My opinoin on the .17 HMR, no matter what you do to it itsn't a coyote gun.


----------



## xdeano (Jan 14, 2005)

I totally agree, dead topic.

Nice writting Sask!

I'll tell you a little story on a couple of fox that i've shot with the 17HMR in the past. On two different occasions i squeaked in a fox to about 40yds on one and about 70 yds on the other, both were heart shots, but they both ran like the wind. I took me about 15 to 20 minutes to find each one. Very little blood trail. I was using the 20g HP. The bullet punched through both sides, granted the only good thing it had going for it, is that the holes were small.

Now saying that, i have a hard time even thinking that people are using it on coyotes. Coyotes are great animals, just an ounce of respect please!!!

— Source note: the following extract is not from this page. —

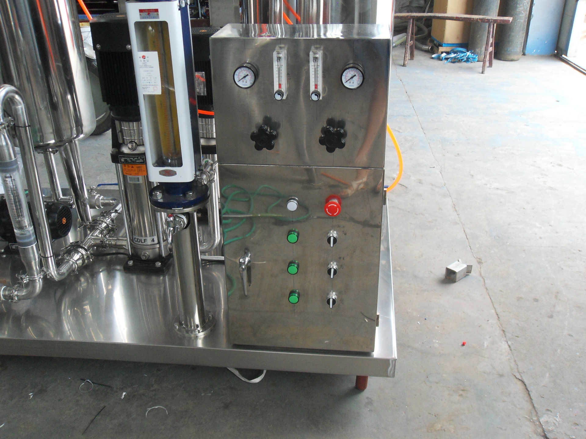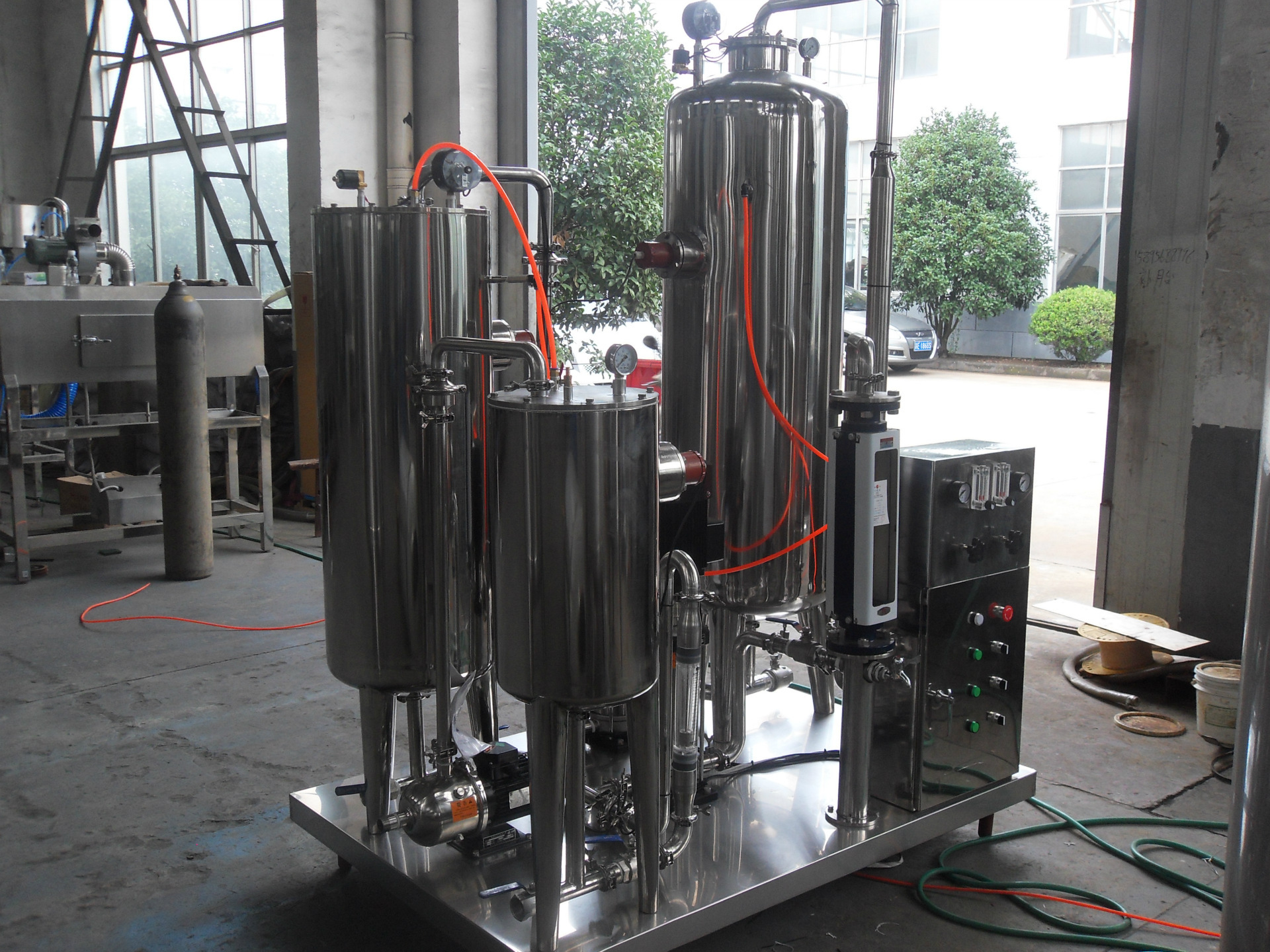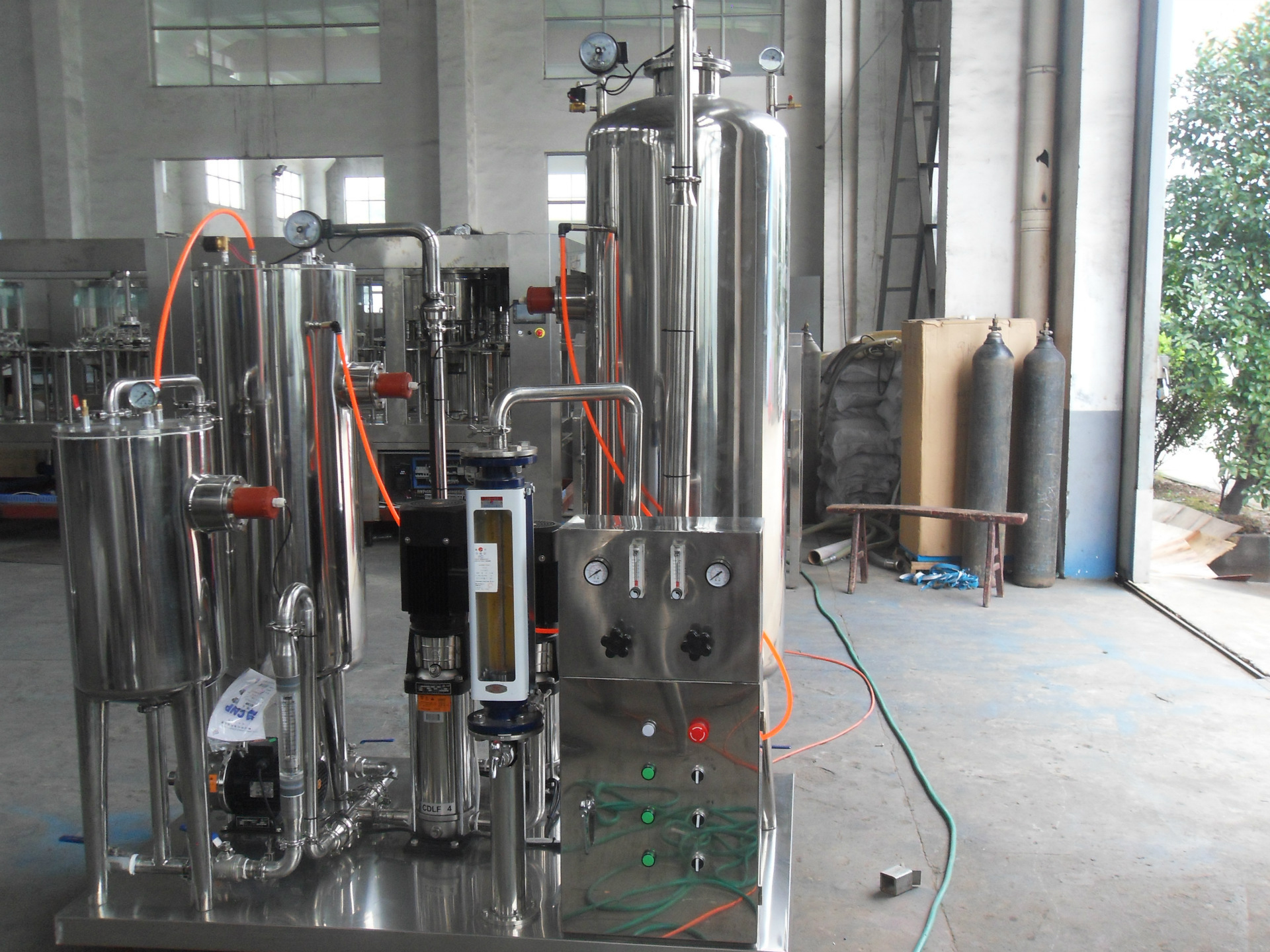 该装置主要用以碳酸饮料的生产,它是碳酸饮料生产线的预处理,并且基于不同的生产要求模型。

Heck I've even had prairie dogs crawl back down their holes with the 17g ballistic tip at 100yds. I'd rather use the 22-250, they do great aerial acrobatics.

xdeano


----------



## saskcoyote (Dec 30, 2006)

Fallguy, funny you should mention that. Actually, I have written for several magazines including a couple outdoor hunting/fishing ones. I don't have much time for freelancing anymore, I'm too d--n busy writing long-winded posts on Nodak (LOL).

Tomorrow, I'm heading out to one of my favorite areas, one that I save for this time of year. I'm gonna whack a couple yotes, all with my .223.

In the meantime, here's wishing you and everyone else (including the .17 boys) a Happy New Year. May 2008 bring all of you plenty of yotes to the call.

Good luck and shoot straight. Saskcoyote


----------



## Bloodyblinddoors (Oct 25, 2006)

xdeano said:


> Coyotes are great animals, just an ounce of respect please!!!


PERFECTLY STATED :beer:


----------